Remove the requirement for oppression and the definition fits (and even the lack of that requirement is debatable as seen through the eyes of the MB).
Yes, you can alter the meaning of the term
taqiyya to suit your own definition. But then you're not exactly talking about
taqiyya any more, are you?
Deception upon deception to advance the cause of Islam, democracy as a cloak rather than an ideology, liberalism and tolerance as short-term smoke screens that will dissipate once power is achieved.

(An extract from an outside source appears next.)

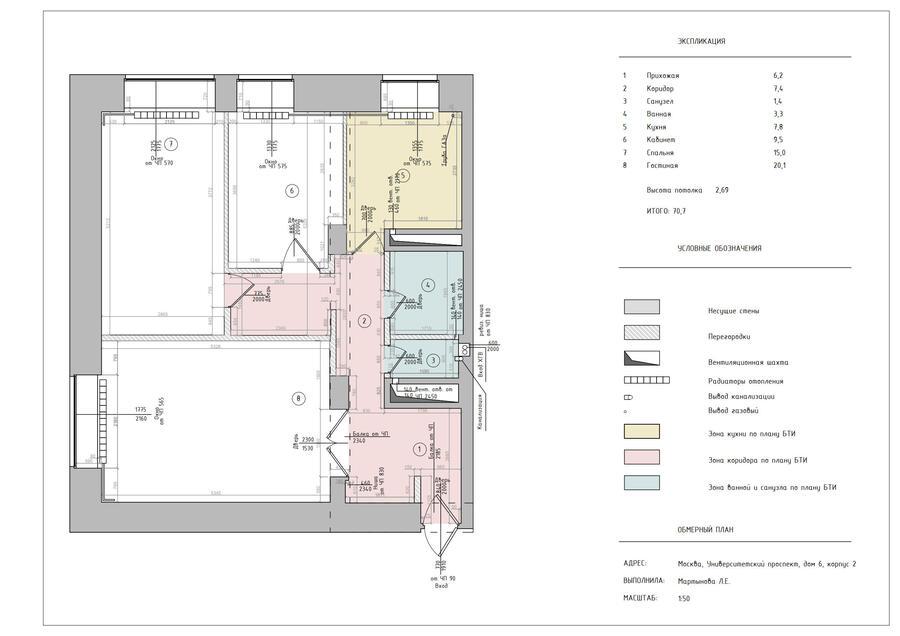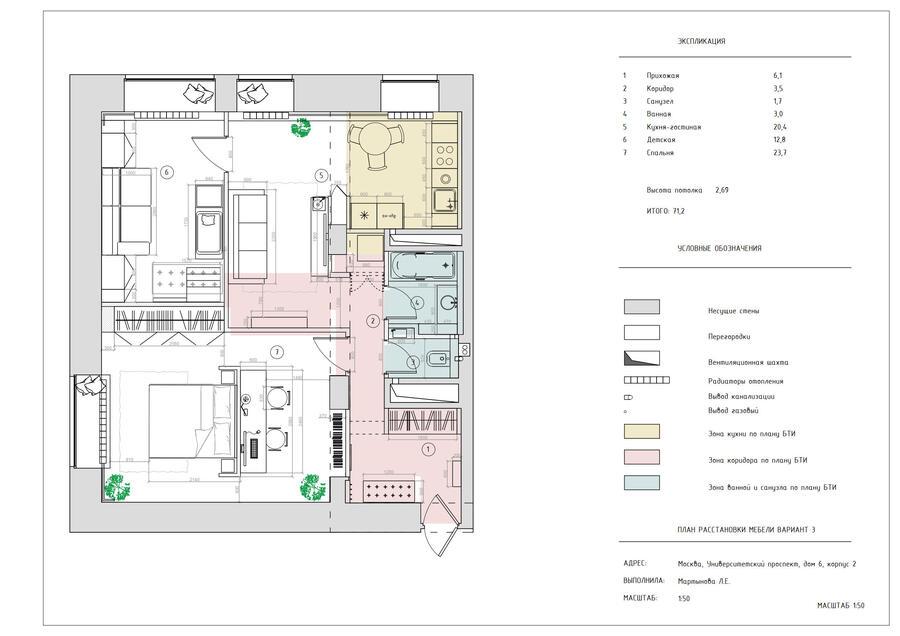 На основе обмерного плана были разработаны три варианта планировочных решений.

Which has as much to do with the Islamic religious concept of
taqiyya as eating crackers and sampling vintages during a wine tasting tour in Napa Valley has to do with the Christian religious concept of Communion. There may be striking, albeit ultimately superficial, similarities between the respective religious concepts and the actions being described, but they in reality aren't the same thing at all.
Anybody who believes that the MB would embrace democracy and champion the standing of women and Christians (as per Morsi's first appointment announcement) other than as devious means to achieve an end is - I would suggest - a little naive.
Egyptians aren't at all confused about Morsi's (or the Brotherhood's) intentions.
Most people are arguing this. I haven't heard anybody on mainstream media suggest that the MB is anti-democracy because that would mean admitting the whole process is a sham, which of course it is.
You
aren't looking very hard, then.
Even the CNN article I quote above points out that Morsi's current statements contradict his longstanding previous positions.
people like me - admittedly broadly ignorant of Egyptian political and social aspects
Yes.
- can predict the MB being in power from 12 months off
The Brotherhood, as I pointed out before, aren't in power. SCAF is in power (and, in fact, is even
more in power now than it was before the election, having since dissolved parliament and reduced the powers of the presidency).
whilst the experts and the media were trumpeting about a new age of freedom and democracy and tolerance and loveliness.
I predicted what is happening
way back in January of 2011 - Egypt, so far, appears to be getting just another variant of military rule. Darth Rotor thinks this won't last, in the long term, but we'll see, I guess.